| PROBLEM TO SOLVE |
Leaving every picture out, repeat all of the entries below exactly.

** INFORMATION SHOWN follows **

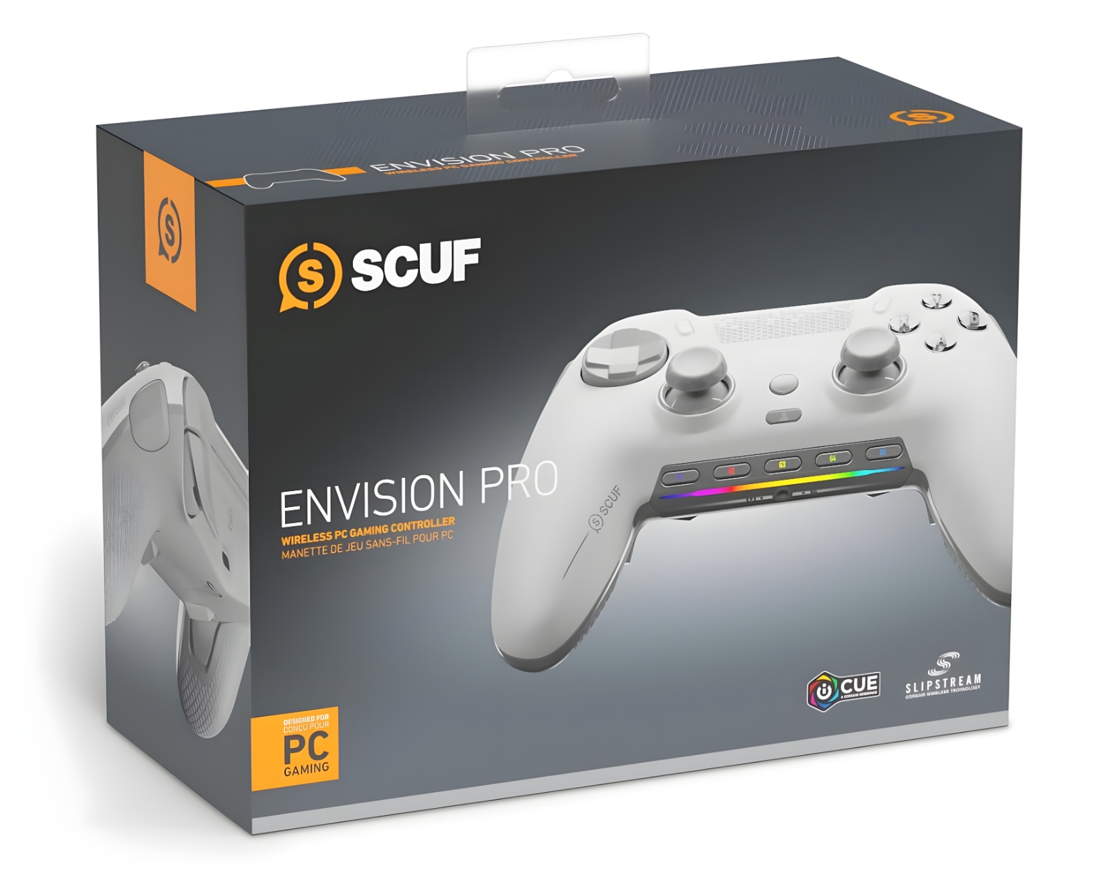 DEMO: Returns and test sample. Good condition.Envision Pro V1 is a wireless controller from Scuf, designed for PC use. The controller includes four rear paddles that can be reprogrammed, allowing for faster reactions without moving your thumbs from the sticks. It also features five fully reprogrammable G-keys for advanced macros and integration with Corsair iCUE. The device has two unique side-mounted SAX buttons for increased configurability, fitting the natural positioning of your fingers. OMRON mechanical buttons function as mouse clicks for instant activations. The controller utilizes Corsair SlipStream, providing an ultra-fast wireless connection.
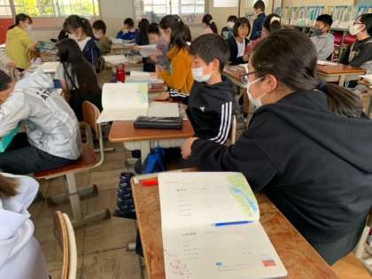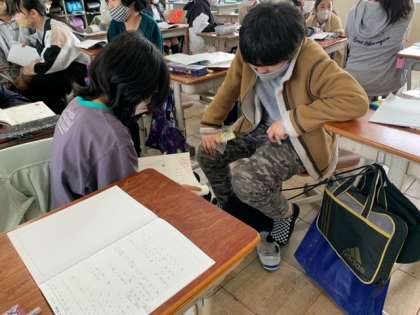 春の河という詩から、春の植物や生き物がたくさんいることを想像していました。聞き手にその情景を伝えるためにはどんな読み方ができるのか。声の大きさや速度に気をつけたり、ジェスチャーをしてみたりと読み方の工夫を考えました。
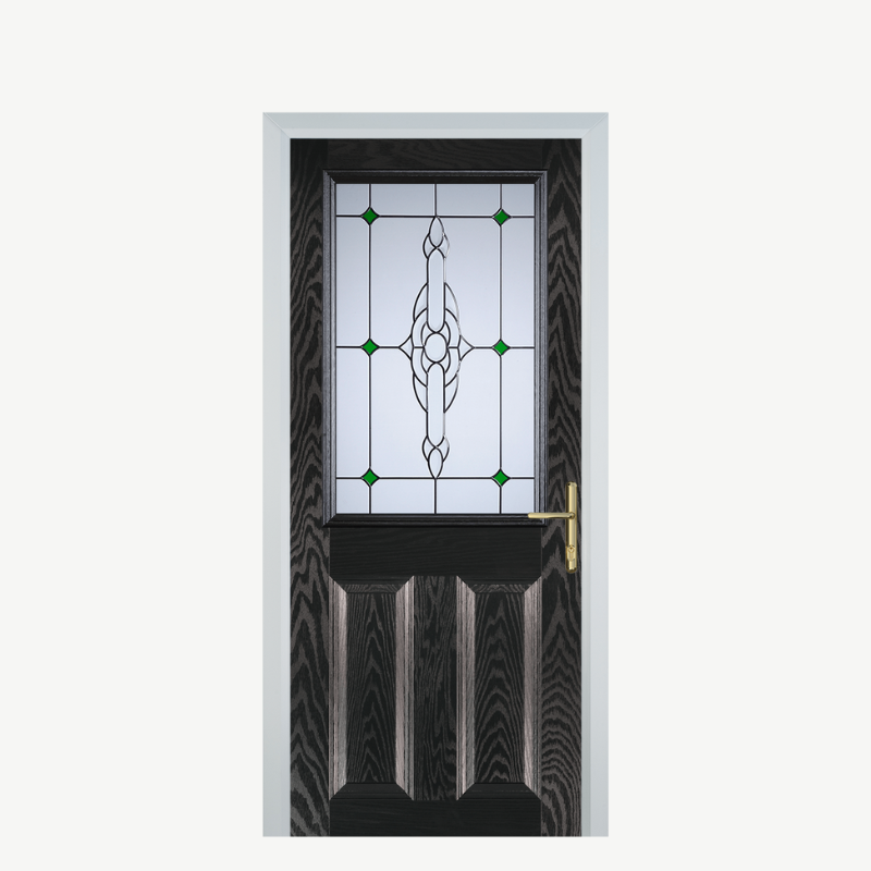 Introducing the Door F 2 Panel 1 Square in Black Brown Crystal Bohemia Green, a stunning addition to any home that elevates both style and security. This composite front door combines modern aesthetics with robust functionality, making it a perfect choice for those who value elegance and durability.
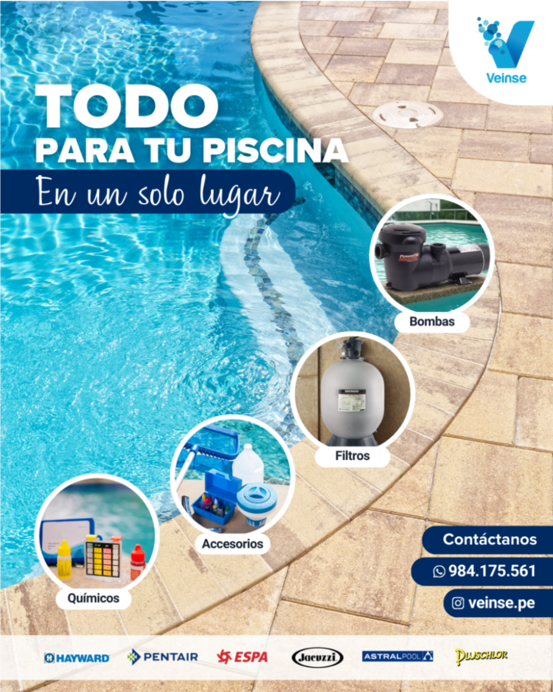 Bombas, filtros, calentadores, cloración, quÃmicos y muchos equipos más de marcas lÃderes. En Veinse te asesoramos para elegir el equipo correcto y lo dejamos funcionando. Entrega rápida en Lima y envÃos a provincias, con soporte técnico y repuestos.
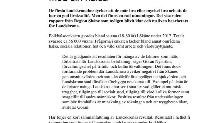 - Det är glädjande att resultaten för många av de faktorer som mäts förbättrats för Landskronas befolkning, säger Göran Nyström, förvaltningschef på fritids- och kulturförvaltningen. Det finns dock fortfarande problem där Landskrona avviker negativt från Skånes genomsnittsvärden och som det därför är angeläget att sjukvården och Landskrona stad försöker förebygga orsakerna till. Exempel på detta är de brister många Landskronabor ser i sina liv vad gäller ekonomisk trygghet, tillgången till socialt stöd, tillgång till vård i olika former samt svag tillit till andra människor. Positiva resultat från undersökningen som bör framhållas är minskning av rökningen och att tryggheten ökar, avslutar Göran.
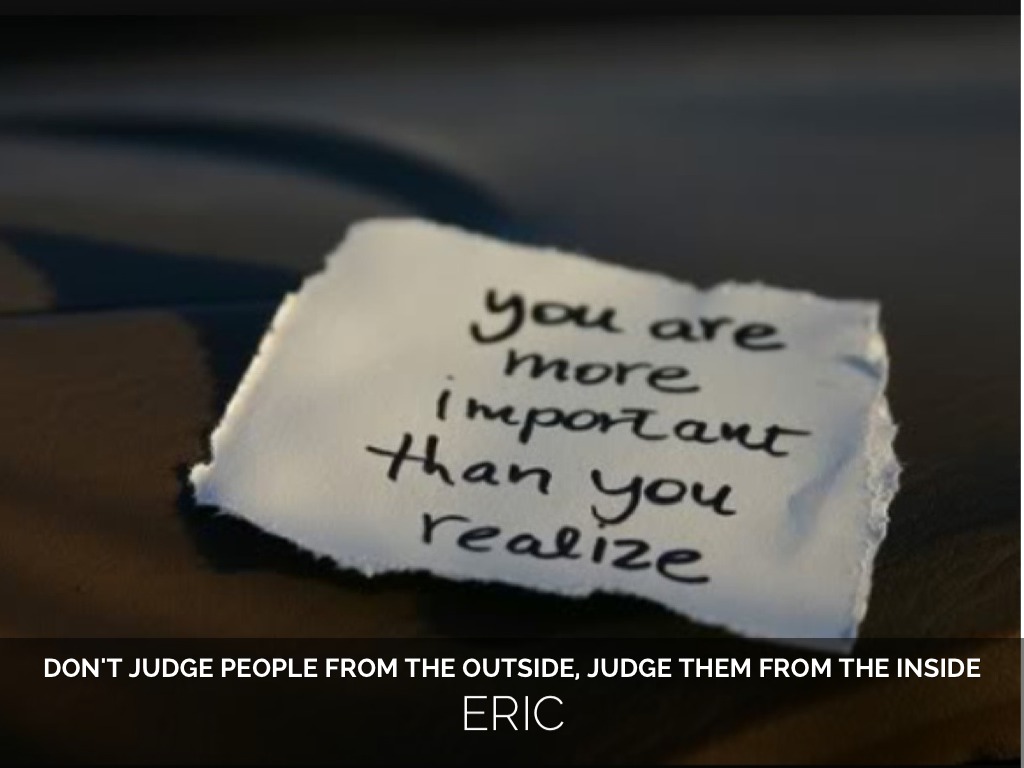 DON'T JUDGE PEOPLE FROM THE OUTSIDE, JUDGE THEM FROM THE INSIDE
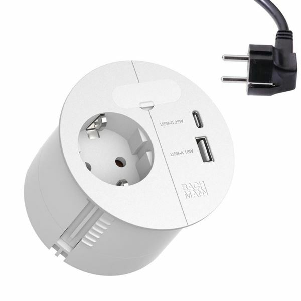 Z Loop in Charge Bachmann predstavlja elegantno namizno priključno ploščo za vsestransko uporabo v pisarni: vgrajena vtičnica ponuja napajanje in funkcijo polnjenja v enem. USB A/C polnilec z Power Delivery omogoča polnjenje pametnih telefonov in drugih manjših naprav med delom za mizo. Za namestitev vtičnice z vodilom za kabel preprosto izvrtajte 80 mm luknjo v ploščo mize.
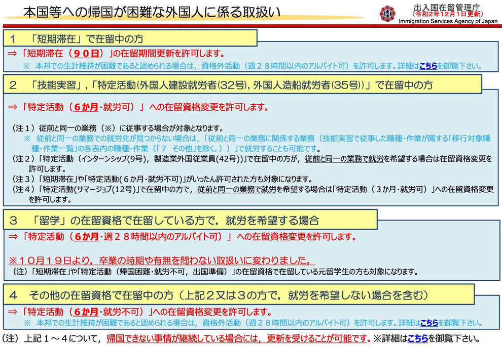12/1より、短期滞在を含め、帰国困難者に対して資格外活動許可を入管で申請すれば、週28時間までのアルバイトができるようになりました。 -
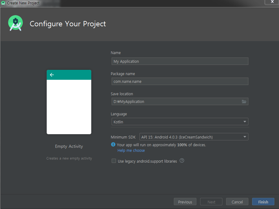 Language - 안드로이드 스튜디오에서 사용할 프로그래밍 언어를 정합니다.
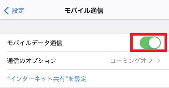 次に試してもらいたいのがモバイルデータ通信を一旦オフにし、その後オンにするという対処法です。モバイルデータ通信をオフにする方法は下記の通りです。
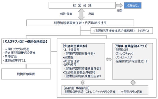 代表取締役社長を最高責任者とし、健康保険組合をはじめ関係機関と連携を図り、全社一体
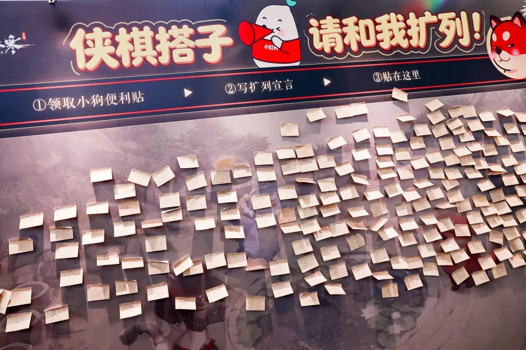 例如擴列貼紙牆,玩家們可以在這裏貼上自己的ID與其他人加好友,很快就被玩家們貼得滿滿當當;還有提供給玩家們的小舞臺,大家可以在這裏和自己的遊戲搭子們合影,很多玩家都圍在這裏,等待着能夠上臺互動。
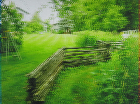 Jacob Lunderby, Set/Setting: Jackleg Fence, inkjet ink, digital ground and varnish on archival polyester film mounted to panel, 16” x 21.5”
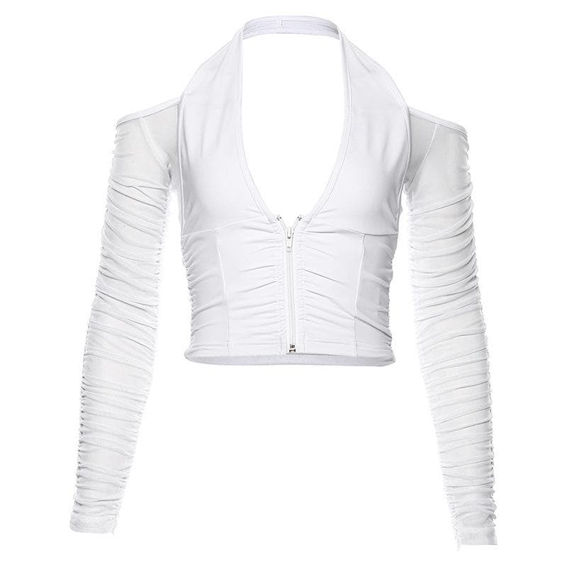 Off shoulder solid long sleeve mesh halter zip-up low cut crop top

** End of INFORMATION SHOWN **

| RESPONSE AREA |
 DEMO: Returns and test sample. Good condition.Envision Pro V1 is a wireless controller from Scuf, designed for PC use. The controller includes four rear paddles that can be reprogrammed, allowing for faster reactions without moving your thumbs from the sticks. It also features five fully reprogrammable G-keys for advanced macros and integration with Corsair iCUE. The device has two unique side-mounted SAX buttons for increased configurability, fitting the natural positioning of your fingers. OMRON mechanical buttons function as mouse clicks for instant activations. The controller utilizes Corsair SlipStream, providing an ultra-fast wireless connection.
 春の河という詩から、春の植物や生き物がたくさんいることを想像していました。聞き手にその情景を伝えるためにはどんな読み方ができるのか。声の大きさや速度に気をつけたり、ジェスチャーをしてみたりと読み方の工夫を考えました。
 Introducing the Door F 2 Panel 1 Square in Black Brown Crystal Bohemia Green, a stunning addition to any home that elevates both style and security. This composite front door combines modern aesthetics with robust functionality, making it a perfect choice for those who value elegance and durability.
 Bombas, filtros, calentadores, cloración, quÃmicos y muchos equipos más de marcas lÃderes. En Veinse te asesoramos para elegir el equipo correcto y lo dejamos funcionando. Entrega rápida en Lima y envÃos a provincias, con soporte técnico y repuestos.
 - Det är glädjande att resultaten för många av de faktorer som mäts förbättrats för Landskronas befolkning, säger Göran Nyström, förvaltningschef på fritids- och kulturförvaltningen. Det finns dock fortfarande problem där Landskrona avviker negativt från Skånes genomsnittsvärden och som det därför är angeläget att sjukvården och Landskrona stad försöker förebygga orsakerna till. Exempel på detta är de brister många Landskronabor ser i sina liv vad gäller ekonomisk trygghet, tillgången till socialt stöd, tillgång till vård i olika former samt svag tillit till andra människor. Positiva resultat från undersökningen som bör framhållas är minskning av rökningen och att tryggheten ökar, avslutar Göran.
 DON'T JUDGE PEOPLE FROM THE OUTSIDE, JUDGE THEM FROM THE INSIDE
 Z Loop in Charge Bachmann predstavlja elegantno namizno priključno ploščo za vsestransko uporabo v pisarni: vgrajena vtičnica ponuja napajanje in funkcijo polnjenja v enem. USB A/C polnilec z Power Delivery omogoča polnjenje pametnih telefonov in drugih manjših naprav med delom za mizo. Za namestitev vtičnice z vodilom za kabel preprosto izvrtajte 80 mm luknjo v ploščo mize.
12/1より、短期滞在を含め、帰国困難者に対して資格外活動許可を入管で申請すれば、週28時間までのアルバイトができるようになりました。 -
 Language - 안드로이드 스튜디오에서 사용할 프로그래밍 언어를 정합니다.
 次に試してもらいたいのがモバイルデータ通信を一旦オフにし、その後オンにするという対処法です。モバイルデータ通信をオフにする方法は下記の通りです。
 代表取締役社長を最高責任者とし、健康保険組合をはじめ関係機関と連携を図り、全社一体
 例如擴列貼紙牆,玩家們可以在這裏貼上自己的ID與其他人加好友,很快就被玩家們貼得滿滿當當;還有提供給玩家們的小舞臺,大家可以在這裏和自己的遊戲搭子們合影,很多玩家都圍在這裏,等待着能夠上臺互動。
 Jacob Lunderby, Set/Setting: Jackleg Fence, inkjet ink, digital ground and varnish on archival polyester film mounted to panel, 16” x 21.5”
 Off shoulder solid long sleeve mesh halter zip-up low cut crop top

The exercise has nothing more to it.